Published in final edited form as: Cancer Control. 2014 Oct;21(4):343–349. doi: 10.1177/107327481402100411

Social Determinants of Racial and Ethnic Disparities in Cutaneous Melanoma Outcomes

Valerie M Harvey 1, Hitesh Patel 1, Sophia Sandhu 1, Sherrie Flynt Wallington 1, Ginette Hinds 1
PMCID: PMC4505912  NIHMSID: NIHMS707309  PMID: 25310216

Abstract

Background

This article sought to elucidate how aspects of poverty and culture may contribute to race- and ethnicity-based disparities in cutaneous melanoma outcomes.

Methods

We identified published studies addressing the social determinants of melanoma.
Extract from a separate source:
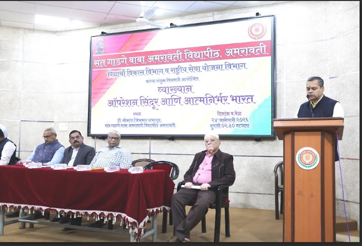 अमरावती (दि. 25.01.2026)- 1965 च्या युध्दात भारताला विजय मिळाला असला तरी शस्त्रास्त्र तंत्रज्ञान भारताला विदेशाचे घ्यावे लागले होते, मात्र आता भारत संरक्षण क्षेत्रात आत्मनिर्भर होत असून स्वदेशी बनावटीचे शस्त्रास्त्र भारत निर्माण करीत आहे. त्यामुळेच भारताला ऑपरेशन सिंदुरमध्ये यश मिळाले, असे प्रतिपादन पुणे येथील डीआरडीओ चे सेवानिवृत्त समूह संचालक श्री काशीनाथ देवधर यांनी केले. 77 व्या प्रजासत्ताक दिनाचे औचित्य साधून विद्यार्थी विकास आणि राष्ट्रीय सेवा योजना विभागाच्या संयुक्त विद्यमाने विद्यापीठ परिसरातील डॉ. श्रीकांत जिचकार स्मृती संशोधन केंद्र सभागृहात आयोजित ‘ऑपरेशन सिंदूर आणि आत्मनिर्भर भारत’ या विषयावर व्याख्यान देतांना ते बोलत होते. विचारमंचावर अध्यक्षस्थानी कुलगुरू डॉ. मिलींद बारहाते, प्र-कुलगुरू डॉ. महेंद्र ढोरे, पुणे येथील माजी प्राचार्य तथा नॅक मूल्यांकन समितीचे माजी सदस्य डॉ. नागनाथ धर्माधिकारी, विद्यापीठ व्यवस्थापन परिषद सदस्य डॉ. रविंद्र कडू, विद्यार्थी विकास संचालक डॉ. राजीव बोरकर उपस्थित होते.

Selected review articles included US-based studies comprised of patients representing adults, children, and adolescents.

Results

African Americans and Hispanics diagnosed with cutaneous melanoma are more likely to present with more advanced stages of disease at diagnosis and have higher rates of mortality than their nonminority counterparts. These disparities may be a consequence of economic, social, and cultural barriers such as low income, public forms of health insurance, lower levels of education, lower levels of melanoma awareness and knowledge, and lower rates of participation in melanoma screening. No studies in the literature examined the potential impact of social injustice, English proficiency, immigrant status, and health literacy.

Conclusions

Substantial gaps exist in our knowledge of the pathways linking social determinants and race- and ethnicity-based disparities in melanoma. More studies are warranted to inform the development of effective interventions aimed at narrowing inequities and improving cutaneous melanoma outcomes among minority populations.

Introduction

Cutaneous melanoma is a significant public health concern. In 2013, 76,690 incident cases and 9,480 deaths occurred from cutaneous melanoma in the United States alone.1 The poor prognosis and limited treatment options of advanced-stage disease make early detection and diagnosis critical. Although the incidence of cutaneous melanoma is greatest in Caucasians,2 most studies have shown that racial and ethnic minorities diagnosed with cutaneous melanoma are more likely to experience worse cutaneous melanoma outcomes.27

Surveillance, Epidemiology, and End Results data reveal that Hispanics, African Americans, American Indians, and Asians diagnosed with cutaneous melanoma are more likely to present with advanced (regional and metastatic) cutaneous melanoma than Caucasians.3,4,812 Moreover, while the proportions of local stage or in situ cutaneous melanomas have increased among Caucasians, an opposing trend has been observed among Hispanic men living in California who present with thicker primary tumors at diagnosis.4 Evidence also suggests variability in the quality of care received by minority patients with cutaneous melanoma. A Surveillance, Epidemiology, and End Results–based study found that blacks were less likely than Caucasians to receive surgical treatment for melanoma,13 and those who underwent surgery experienced shorter survival time than other races.13

After accounting for demographical and clinical characteristics, minorities have an approximate two- to three-fold greater risk of melanoma-specific mortality than their nonminority counterparts.14 In African Americans, differences in mortality rates persist even after stage at diagnosis is considered.2 Although biological factors may account for some of these differences (cutaneous melanomas in minorities tend to occur at unusual anatomical sites and may be of more aggressive histological subtypes), the underlying mechanisms of these disparities remain unclear.2

Theoretical Framework

Freeman’s health disparities cancer model provides a framework for organizing racial and ethnic disparities in cancer research (Fig).15,16 The model is based on the premise that social setting contributes to disease outcome and considers 3 major variables, ie, poverty, culture, and social justice, and posits an important connection between the social determinants of health and health inequities.16,17 Numerous studies have helped to further elucidate this connection to determine how individual health outcomes are shaped by individual motivation and higher-level social and structural forces (ie, social determinants of health).1825 The model developed by Freeman and Chu16 suggests that many of the factors related to the successful acquisition of cancer prevention, control, and treatment are shaped and influenced by socially determined elements, including cultural and economic factors, social support networks, the physical and social environment, access to health care services, and social and health policies.2124

Fig.

Fig

Modified model of theoretical framework. From Freeman HP, Chu KC. Determinants of cancer disparities: barriers to cancer screening, diagnosis, and treatment. Surg Oncol Clin N Am. 2005;14(4):655–669. © 2005 Reprinted with permission from Elsevier.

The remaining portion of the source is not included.